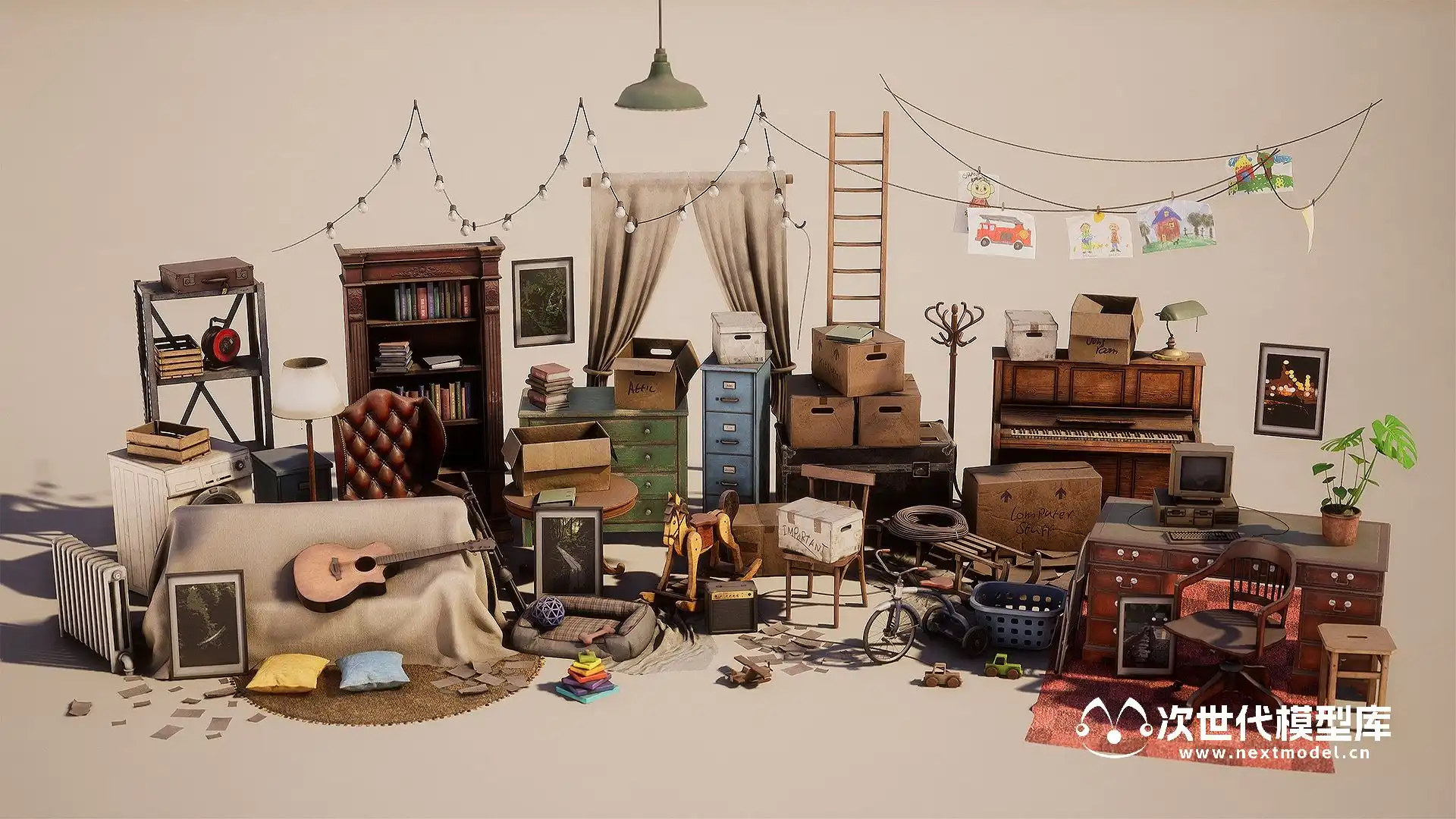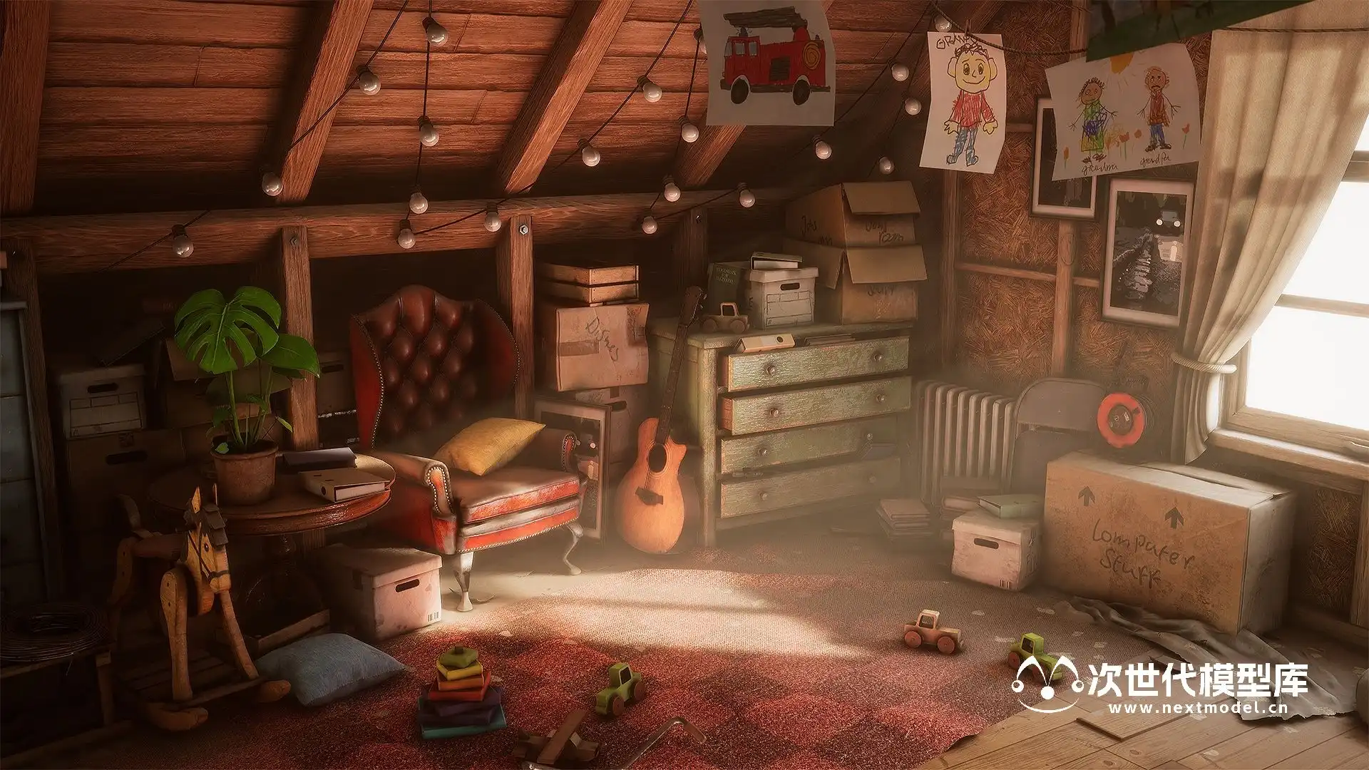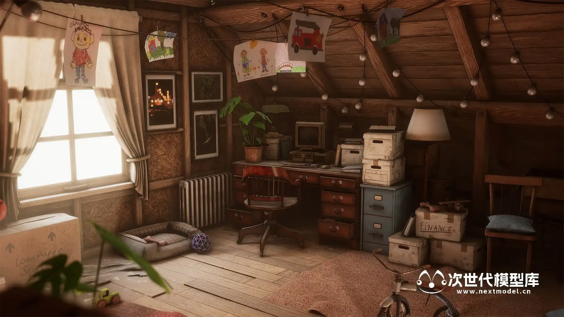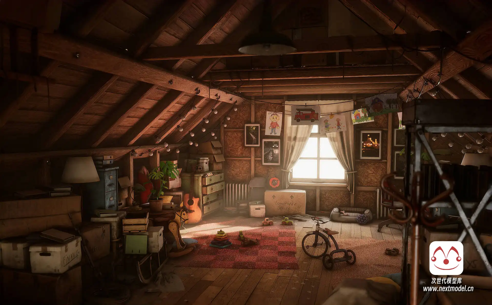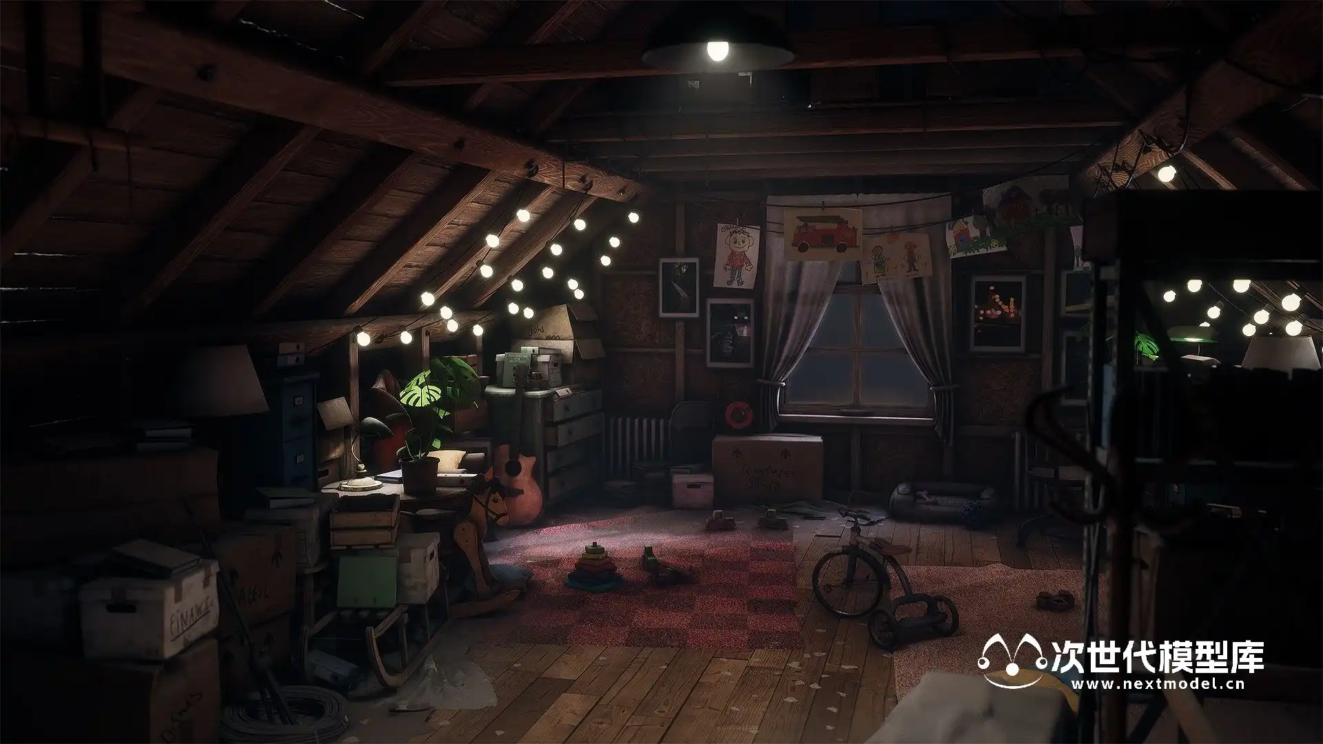 专为各种场景设计的阁楼和存储道具集合。每个资产都以AAA级逼真的艺术风格创建,风格和预算都经过精心设计。这个包不仅适合您的下一个游戏项目,也适合照明研究或仅仅是为了了解如何设置这样的场景。包含6个完全可自定义的主材质,以及调整粗糙度值、平铺和灰尘量的选项。所有网格都包含光照贴图,并且道具有发光纹理,用于照明效果。这个包包含3张地图:Grandpas_Attic, Grandpas_Attic_Night和Grandpas_Attic_Props。请注意,这个包不是模块化的,并且使用了烘焙光照。技术细节显示,包含111个独特的网格,所有资产都有生成的碰撞,顶点计数为225,608个三角形,共有72种材质和200种纹理,纹理分辨率从512~4096。
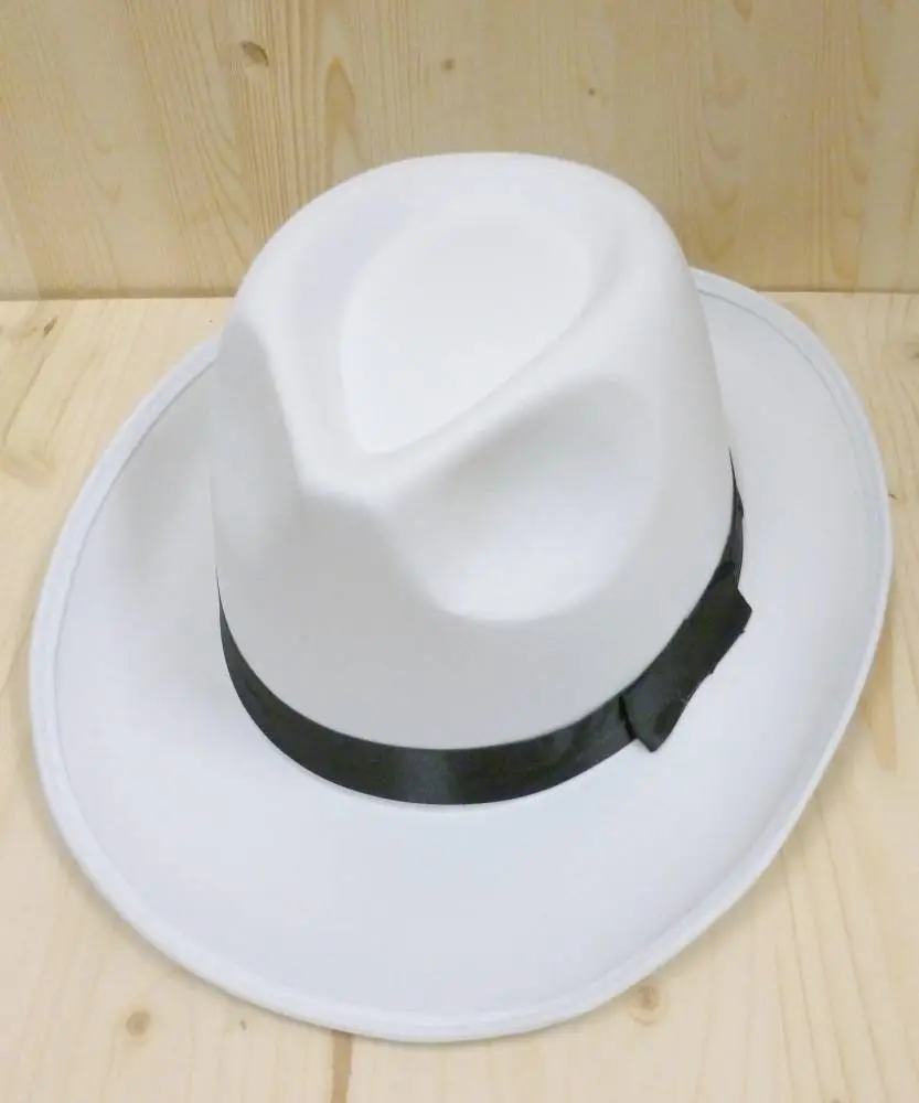 Avec un costume à pinces, une rose, un mouchoir dépassant de la poche de poitrine, un faux cigare et un Borsalino blanc, vous voilà transformé en véritable gangster des années 30.
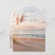 Ett sofistikerat och modernt inbjudningskort för möhippan som visar upp en fredlig strandscen, där känsliga pampasgrässor ligger i den varma glöden av en solnedgång och skapar en serenambians och elegantens ambians.
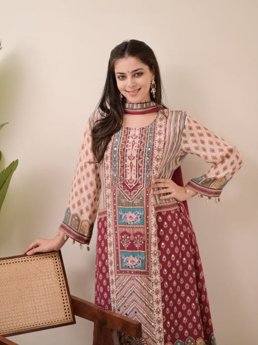 Elegant Grace: Roman Silk Embroidered Dupatta Set
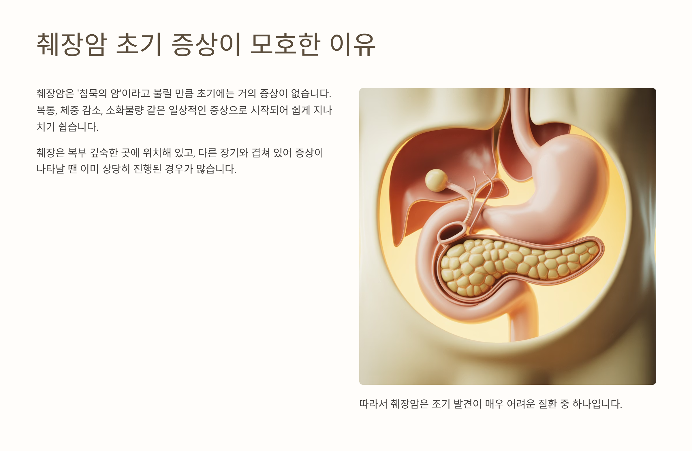 췌장은 신체 깊숙한 곳에 위치해 초기 증상이 없거나 매우 모호해서 발견 시 이미 진행된 경우가 많습니다.
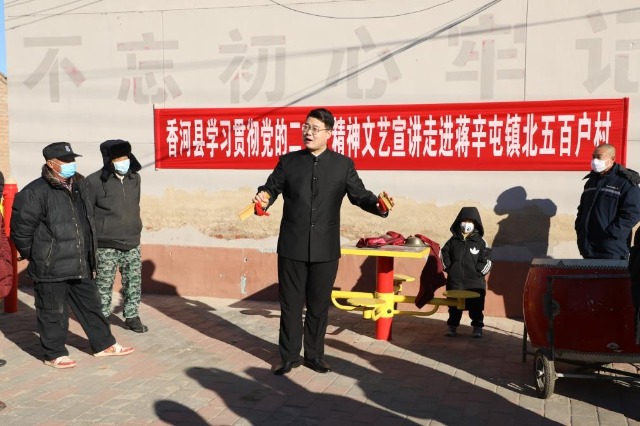 河北省香河縣文化館的文藝工作者張鑫銘在香河縣蔣辛屯鎮(zhèn)北五百戶村進行黨的二十大精神“快板宣講”(2022年12月13日攝)。新華社發(fā)
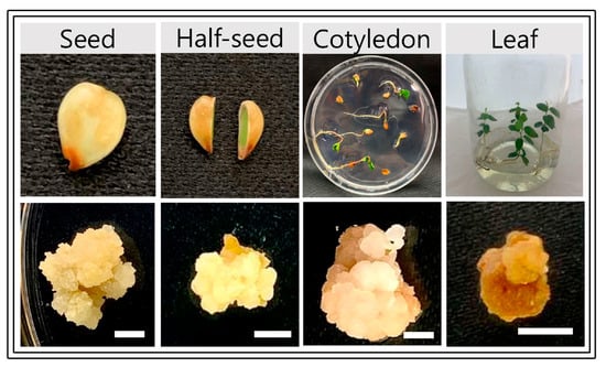 Callus induced from seed, half seed, cotyledon, and leaf explants of S. thea on MS medium containing 2,4-D, NAA, BA, and KN after 4 weeks of culture. Scale bars = 1 cm.
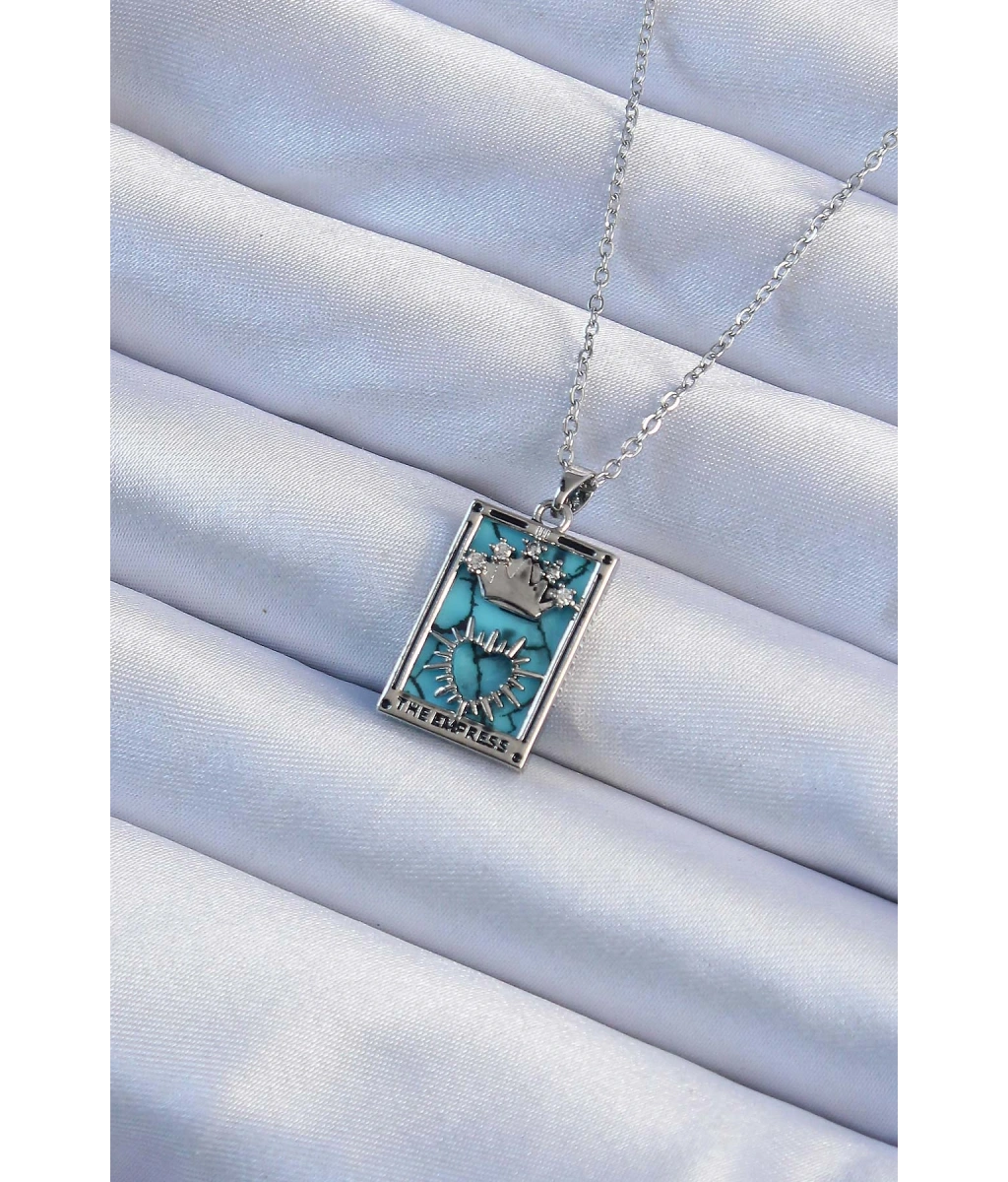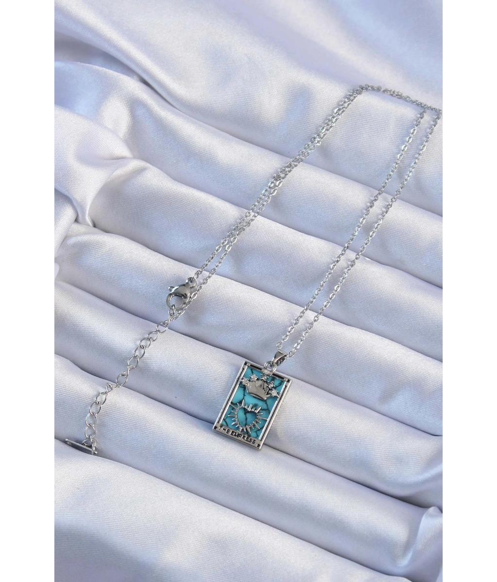 Shoecide 316l Çelik Zincir Gümüş Renk Zirkon Taşlı Mavi Mermer Desenli Taç Model Tarot Kolye

===============

TASK DESCRIPTION:
Each record above should come back exactly the same, only without its pictures.

WRITTEN SOLUTION:
 专为各种场景设计的阁楼和存储道具集合。每个资产都以AAA级逼真的艺术风格创建,风格和预算都经过精心设计。这个包不仅适合您的下一个游戏项目,也适合照明研究或仅仅是为了了解如何设置这样的场景。包含6个完全可自定义的主材质,以及调整粗糙度值、平铺和灰尘量的选项。所有网格都包含光照贴图,并且道具有发光纹理,用于照明效果。这个包包含3张地图:Grandpas_Attic, Grandpas_Attic_Night和Grandpas_Attic_Props。请注意,这个包不是模块化的,并且使用了烘焙光照。技术细节显示,包含111个独特的网格,所有资产都有生成的碰撞,顶点计数为225,608个三角形,共有72种材质和200种纹理,纹理分辨率从512~4096。
 Avec un costume à pinces, une rose, un mouchoir dépassant de la poche de poitrine, un faux cigare et un Borsalino blanc, vous voilà transformé en véritable gangster des années 30.
 Ett sofistikerat och modernt inbjudningskort för möhippan som visar upp en fredlig strandscen, där känsliga pampasgrässor ligger i den varma glöden av en solnedgång och skapar en serenambians och elegantens ambians.
 Elegant Grace: Roman Silk Embroidered Dupatta Set
 췌장은 신체 깊숙한 곳에 위치해 초기 증상이 없거나 매우 모호해서 발견 시 이미 진행된 경우가 많습니다.
 河北省香河縣文化館的文藝工作者張鑫銘在香河縣蔣辛屯鎮(zhèn)北五百戶村進行黨的二十大精神“快板宣講”(2022年12月13日攝)。新華社發(fā)
 Callus induced from seed, half seed, cotyledon, and leaf explants of S. thea on MS medium containing 2,4-D, NAA, BA, and KN after 4 weeks of culture. Scale bars = 1 cm.
 Shoecide 316l Çelik Zincir Gümüş Renk Zirkon Taşlı Mavi Mermer Desenli Taç Model Tarot Kolye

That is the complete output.